In what follows, we will treat the USNO-B Catalog as a collection of catalog "entries" , 
which are rows in a (large) table. Most of these entries correspond to "stars", which are 
hot balls of hydrogen in space, or compact galaxies, which are extremely distant collections 
of stars, but which will also be referred to as "stars" because from the point of view of 
astrometric calibration they behave the same as stars. Catalog entries that do not correspond 
to stars or individual compact galaxies are considered by us to be "spurious". We identify 
some fraction of the spurious entries in the USNO-B Catalog by exploiting the repeatable 
configurations they show around bright stars. 

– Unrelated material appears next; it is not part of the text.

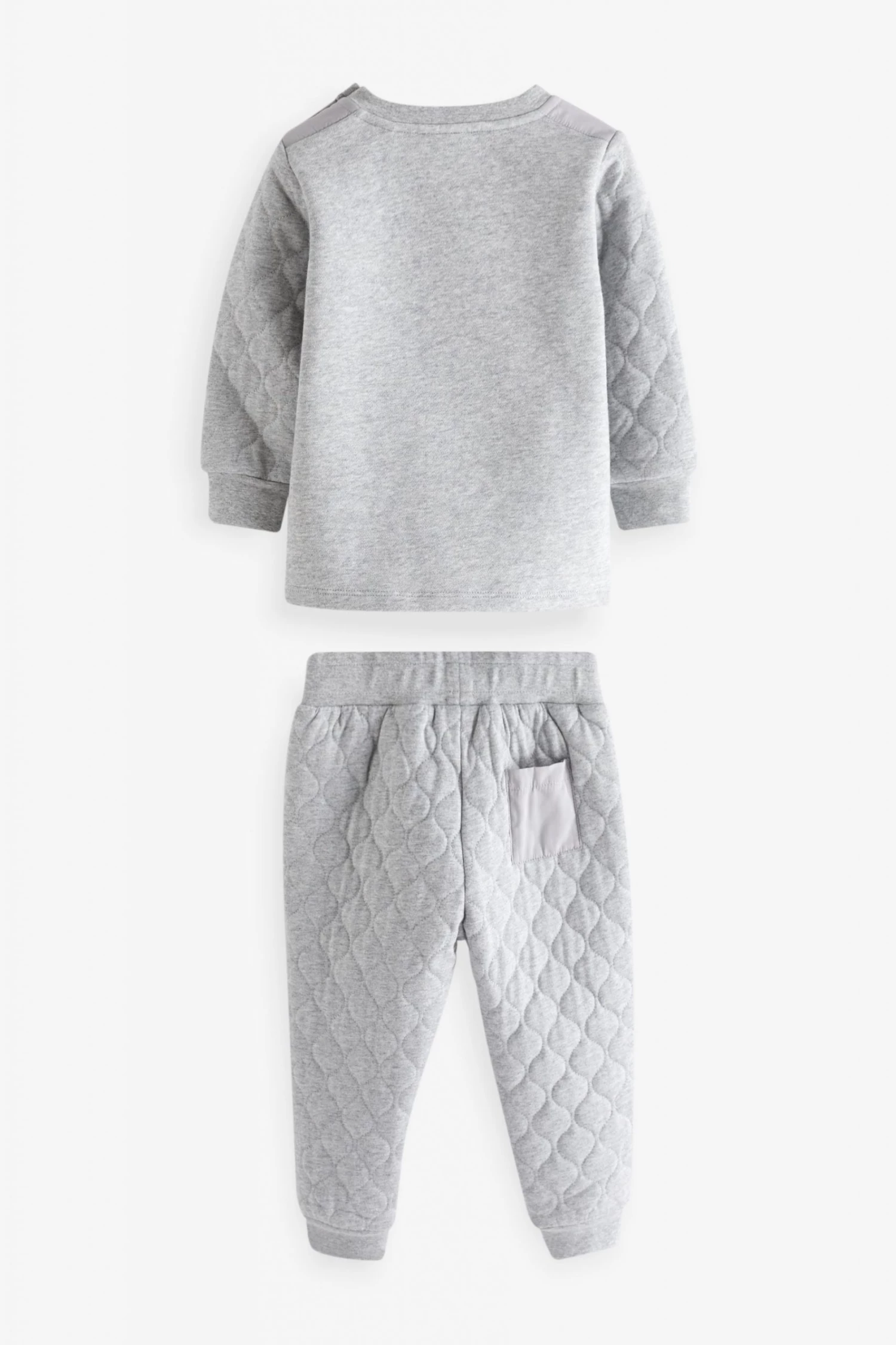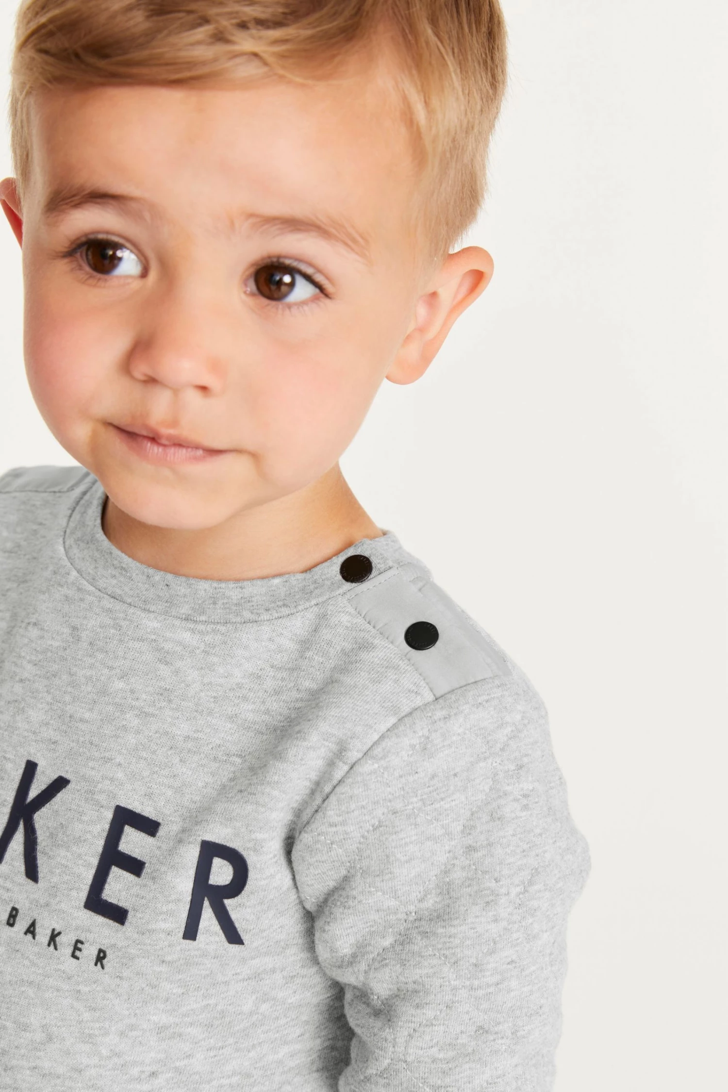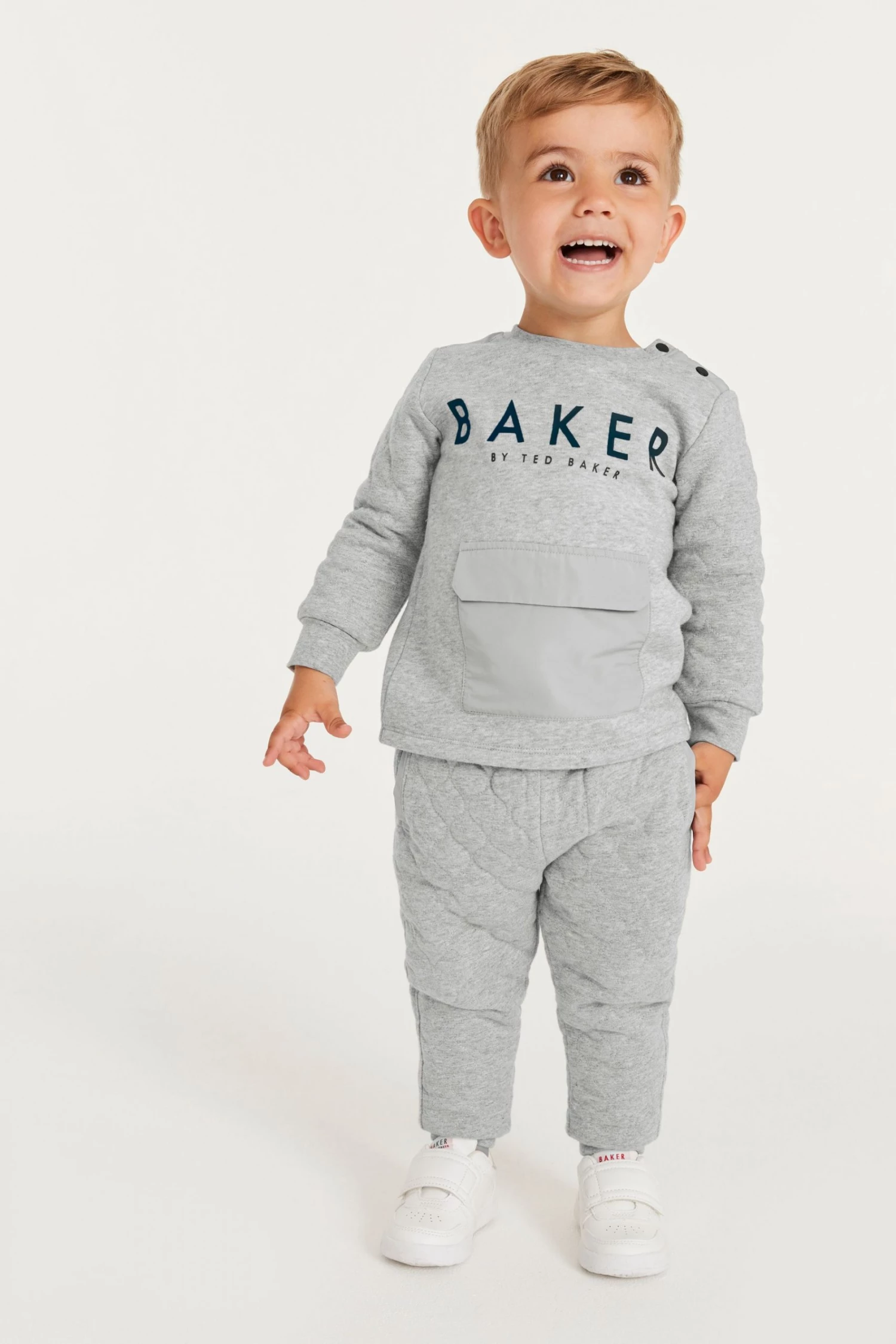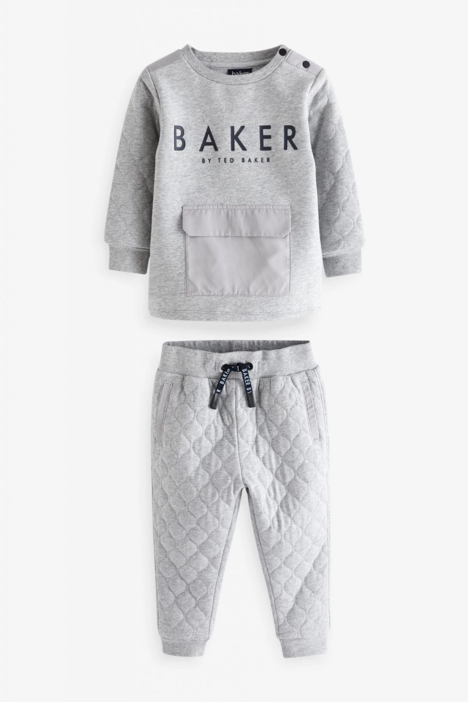 A comfy and stylish addition to their wardrobe, this grey sweatshirt and joggers set features quilted detail on the arms and joggers. With button shoulder opening for easy dressing and a front envelope pocket. Joggers have front and back pocket detail and stretchy waistband and ankle cuffs. With Baker branding to the chest and drawcords.
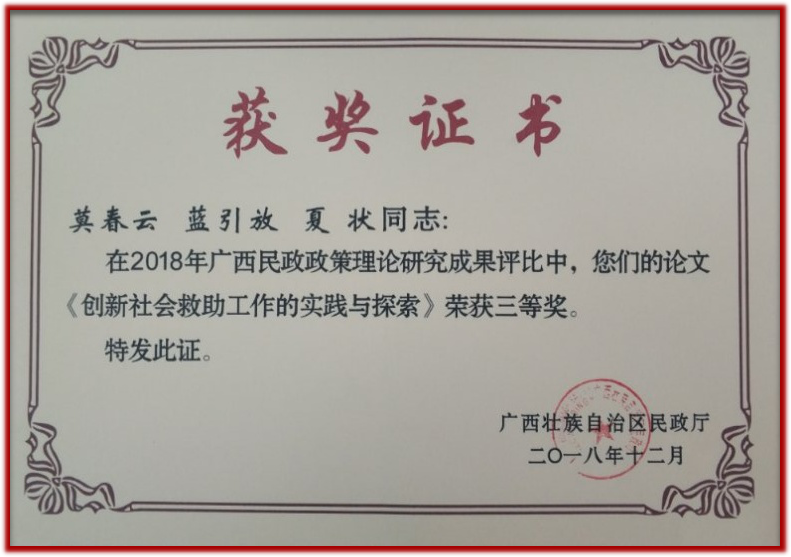 在2018年广西民政政策理论研究课题中,斯达咨询参与研究撰写的《创新社会救助工作的实践与探索》论文荣获2018年广西民政政策理论研究课题三等奖。该论文是由斯达咨询总经理夏状与柳江区民政局局长莫春云及柳江区福利院院长蓝引放共同研究撰写。

2. Spurious catalog entries 

The USNO-B Catalog was constructed from imaging in five bands (O, E, J, F, N) at 
two broad epochs (O, E at first epoch, J, F, N at second), taken with plate centers on 
a (fairly) regular grid of the sky. The plate imaging comprising the original data for the 
Catalog is heterogeneous (in camera or survey origin and in data quality); in order to guard 
against spurious entries, the construction of the Catalog required detection of sources in 
multiple bands. However, some spurious catalog entries survived this requirement. 

2.1. Diffraction spikes 

The diffraction-limited point-spread function of a physical telescope is related to the 
Fourier transform of the entrance aperture. In this transform, the thin cross-like support 
structure holding the secondary mirror in the entrance aperture produces a large cross-like 
pattern in the stellar point-spread function (PSF). The sources automatically extracted from 
the scans of the photographic plate images include many spurious features that are in fact 
just detections of these diffraction spikes (Figures CD and [2]). 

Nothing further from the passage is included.